My +1 for the explicit for loop with .extend()
>>> import this
The Zen of Python, by Tim Peters
Beautiful is better than ugly.
Explicit is better than implicit.
...
Readability counts.
...
In the face of ambiguity, refuse the temptation to guess.
...
When measured, the plain for loop is faster than the side-effect by the list comprehension.
import itertools
import timeit
def flattenListOfLists(lst):
result = []
for sublist in lst:
result.extend(sublist)
return result
def flattenListOfLists2(lst):
result = []
[result.extend(sublist) for sublist in lst] # uggly side effect ;)
return result
def flattenIterTools(lst):
return list(itertools.chain(*lst))
a = ["a", "i", "u", "e", "o"]
k = ["ka", "ki", "ku", "ke", "ko"]
g = ["ga", "gi", "gu", "ge", "go"]
s = ["sa", "shi", "su", "se", "so"]
z = ["za", "ji", "zu", "ze", "zo"]
t = ["ta", "chi", "tsu", "te", "to"]
d = ["da", "du", "de", "do"]
n = ["na", "ni", "nu", "ne", "no"]
h = ["ha", "hi", "hu", "he", "ho"]
b = ["ba", "bi", "bu", "be", "bo"]
p = ["pa", "pi", "pu", "pe", "po"]
m = ["ma", "mi", "mu", "me", "mo"]
y = ["ya", "yu", "yo"]
n = ["n"]
kana = [a, k, g, s, z, t, d, n, h, b, p, m, y, n]

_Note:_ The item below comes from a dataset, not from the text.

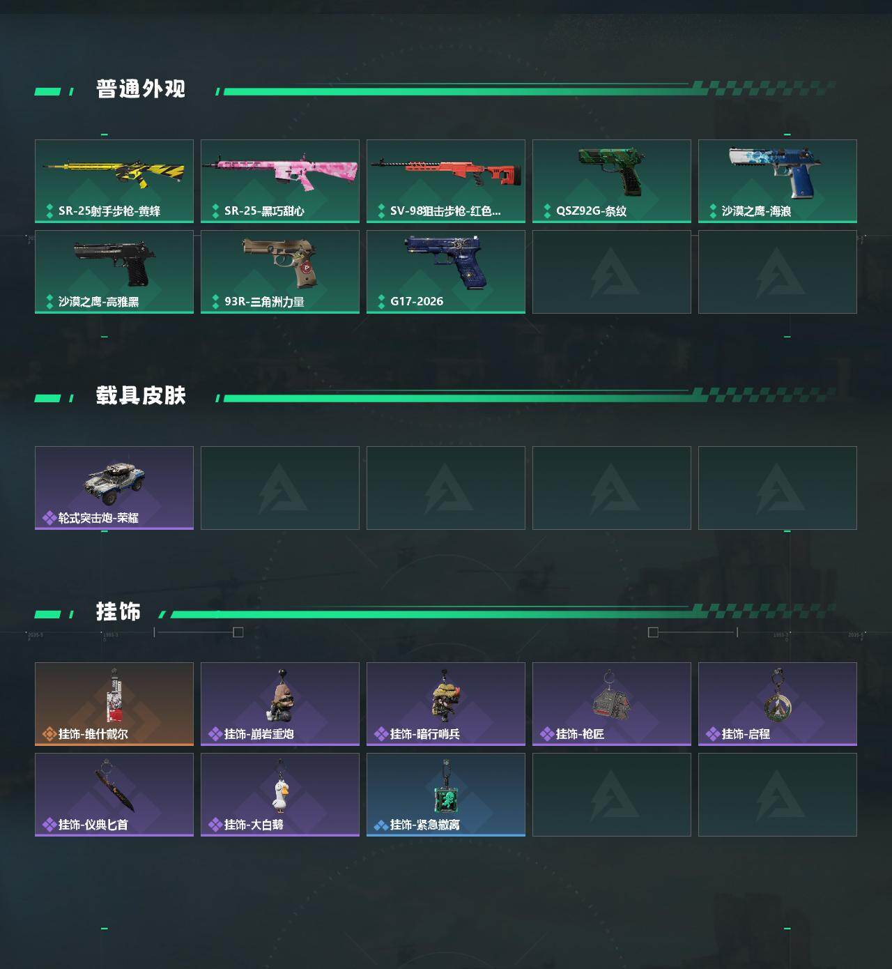 【稀有外观】:AKM突击步枪-肃杀,M7战斗步枪-捣蛋鬼,SG552突击步枪-2026,SCAR-H战斗步枪-荣耀列队,腾龙突击步枪-冰天雪地,MP5冲锋枪-弄臣,MP5冲锋枪-哈夫克卫队,P90冲锋枪-捣蛋鬼,Vector冲锋枪-先锋,UZI冲锋枪-亚特兰蒂斯,野牛冲锋枪-冰河潜伏者,SMG-45冲锋枪-行动开启,SMG-45冲锋枪-幻影结构,勇士冲锋枪-冰天雪地,QCQ171冲锋枪-银鹭,M1014霰弹枪-幻影结构,M249轻机枪-毛鲁斯之力,QJB201轻机枪-哈夫克卫队,Mini-14射手步枪-荣耀列队,SKS射手步枪-弄臣,SR-25射手步枪-开拓,SR9射手步枪-肃杀,SV-98狙击步枪-星链科技,SV-98狙击步枪-哈夫克航天,SV-98狙击步枪-精英联盟,G18-星链科技,G18-哈夫克航天

t = timeit.timeit('lst = flattenListOfLists(kana)', 'from __main__ import kana, flattenListOfLists', number=100000)
print 'for loop:', t
t = timeit.timeit('lst = flattenListOfLists2(kana)', 'from __main__ import kana, flattenListOfLists2', number=100000)
print 'list comprehension side effect:', t
t = timeit.timeit('lst = flattenIterTools(kana)', 'from __main__ import kana, flattenIterTools\nimport itertools', number=100000)
print 'itertools:', t
It prints on my console:
for loop: 0.389831948464
list comprehension side effect: 0.468136159616
itertools: 0.620626692887
Anyway, the time is for repeating the same 100 thousands times. The readability counts is my argument.